Building a 1M-item TidalDb is expensive. The `LazyLock` pattern ensures construction happens once. For CI, these benchmarks should be tagged with `#[ignore]` or gated behind a feature flag so they do not run on every `cargo test --lib`.

## Acceptance Criteria

- [ ] `tidal/benches/scale.rs` registered in `Cargo.toml` as `[[bench]]` target
- [ ] `cargo bench --manifest-path tidal/Cargo.toml --bench scale` runs successfully
- [ ] RETRIEVE benchmarks at 1M items: for_you, trending, new_filtered all produce valid results
- [ ] SEARCH benchmarks at 1M items: text_only, text_filtered both return results (non-empty)
- [ ] Signal write benchmark at 1M items: amortized cost measured and recorded
- [ ] Baseline numbers documented in `docs/profiling/scale-baselines.md`
- [ ] All benchmarks use `sample_size(10)` and `measurement_time(30s)` for large-scale tests
- [ ] LazyLock or equivalent ensures 1M-item DB is built only once per bench run

## Test Strategy

This task is itself a test artifact -- the benchmarks are the deliverable.

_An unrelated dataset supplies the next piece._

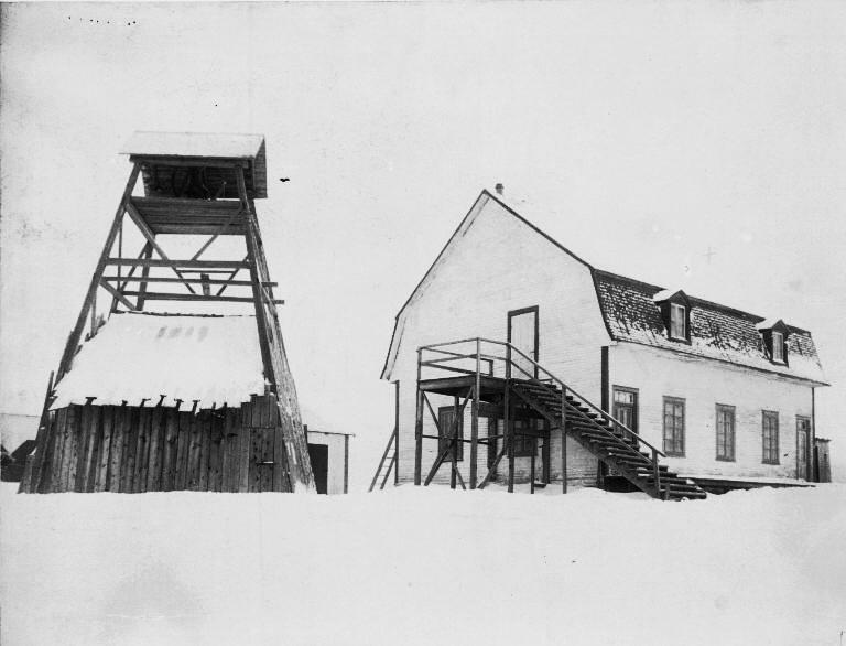 Photograph, St. Emile Chapel, Wexford, QC, about 1890, Silver salts on paper mounted on card - Albumen process - 18.7 x 24.2 cm
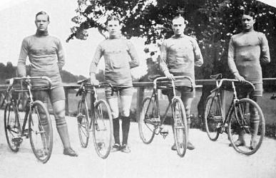 The Swedish cycling team at the 1912 Summer Olympics

Validation:

1. **Smoke test:** Run `cargo bench --manifest-path tidal/Cargo.toml --bench scale -- --test` to verify benchmarks compile and can execute a single iteration without error.
2. **Result validation:** Each benchmark iteration must return a non-empty result set (RETRIEVE: items.len() > 0, SEARCH: items.len() > 0). Assert this inside the `b.iter()` closure with `debug_assert!`.
3. **Baseline recording:** After the first successful run, record results in `docs/profiling/scale-baselines.md` with hardware specs, date, and exact Criterion output.